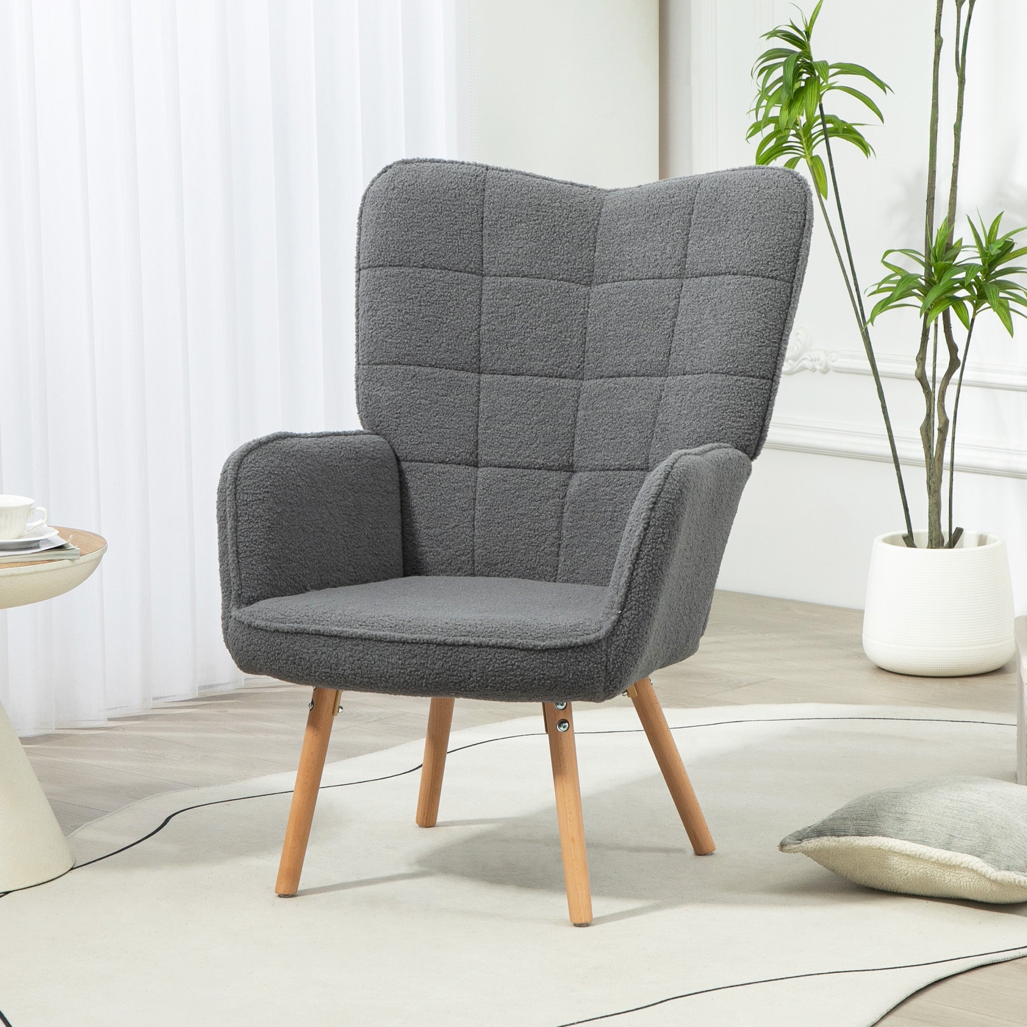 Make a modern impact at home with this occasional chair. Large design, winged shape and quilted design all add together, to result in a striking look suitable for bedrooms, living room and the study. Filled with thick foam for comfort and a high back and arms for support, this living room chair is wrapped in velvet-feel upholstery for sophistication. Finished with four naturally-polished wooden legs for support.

...

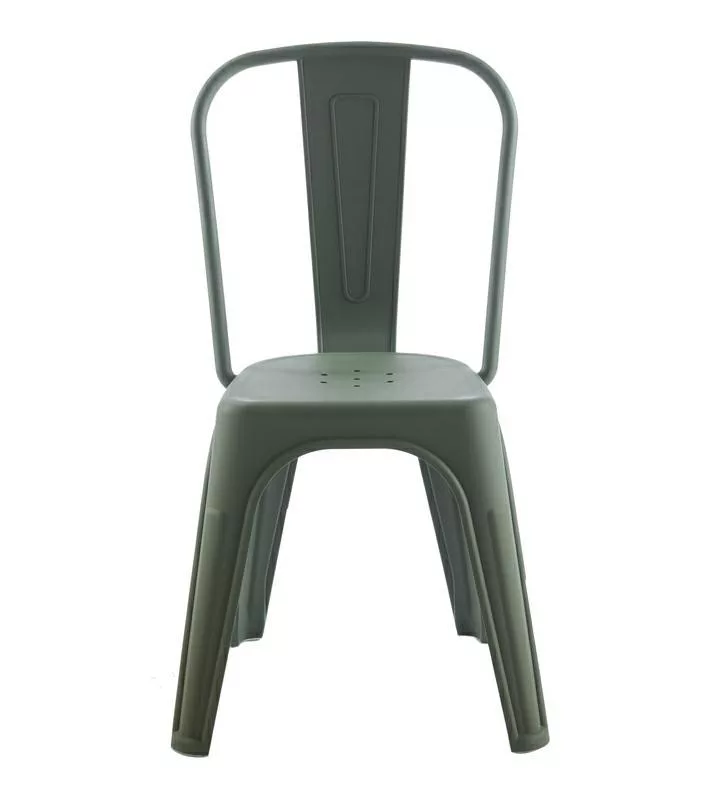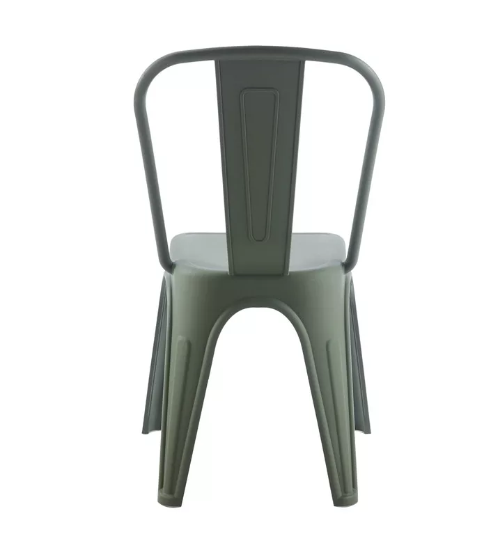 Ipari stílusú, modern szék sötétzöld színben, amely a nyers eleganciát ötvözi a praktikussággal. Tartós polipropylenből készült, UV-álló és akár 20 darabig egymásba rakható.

==

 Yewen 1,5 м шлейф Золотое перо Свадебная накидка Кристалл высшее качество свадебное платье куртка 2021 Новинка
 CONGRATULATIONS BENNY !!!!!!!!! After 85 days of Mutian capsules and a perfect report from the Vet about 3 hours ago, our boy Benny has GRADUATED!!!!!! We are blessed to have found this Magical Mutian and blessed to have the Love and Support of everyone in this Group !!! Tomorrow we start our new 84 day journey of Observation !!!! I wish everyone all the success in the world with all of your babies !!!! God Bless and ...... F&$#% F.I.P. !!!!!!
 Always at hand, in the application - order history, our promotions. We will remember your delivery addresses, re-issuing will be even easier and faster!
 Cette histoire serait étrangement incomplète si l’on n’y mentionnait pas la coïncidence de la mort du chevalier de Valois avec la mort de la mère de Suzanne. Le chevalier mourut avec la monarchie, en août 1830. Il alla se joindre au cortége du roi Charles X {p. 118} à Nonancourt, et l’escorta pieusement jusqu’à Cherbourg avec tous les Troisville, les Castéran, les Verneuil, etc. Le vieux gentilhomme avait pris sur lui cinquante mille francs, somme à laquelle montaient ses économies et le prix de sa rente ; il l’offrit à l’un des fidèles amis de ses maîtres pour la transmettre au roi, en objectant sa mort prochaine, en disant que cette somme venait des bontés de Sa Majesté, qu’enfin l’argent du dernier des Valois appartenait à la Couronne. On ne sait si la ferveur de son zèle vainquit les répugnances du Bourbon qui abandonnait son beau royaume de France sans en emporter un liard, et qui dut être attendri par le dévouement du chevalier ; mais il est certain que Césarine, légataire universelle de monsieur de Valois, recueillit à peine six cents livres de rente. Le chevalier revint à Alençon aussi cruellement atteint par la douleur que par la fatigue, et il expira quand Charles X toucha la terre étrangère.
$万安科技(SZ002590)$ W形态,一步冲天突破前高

◆ Task details: Please copy, exactly and with nothing else, the lines above beginning at the line that has "Yewen 1,5 м" and ending with the line that has "Always at hand, in".

◆ Result of this exercise:
 Yewen 1,5 м шлейф Золотое перо Свадебная накидка Кристалл высшее качество свадебное платье куртка 2021 Новинка
 CONGRATULATIONS BENNY !!!!!!!!! After 85 days of Mutian capsules and a perfect report from the Vet about 3 hours ago, our boy Benny has GRADUATED!!!!!! We are blessed to have found this Magical Mutian and blessed to have the Love and Support of everyone in this Group !!! Tomorrow we start our new 84 day journey of Observation !!!! I wish everyone all the success in the world with all of your babies !!!! God Bless and ...... F&$#% F.I.P. !!!!!!
 Always at hand, in the application - order history, our promotions. We will remember your delivery addresses, re-issuing will be even easier and faster!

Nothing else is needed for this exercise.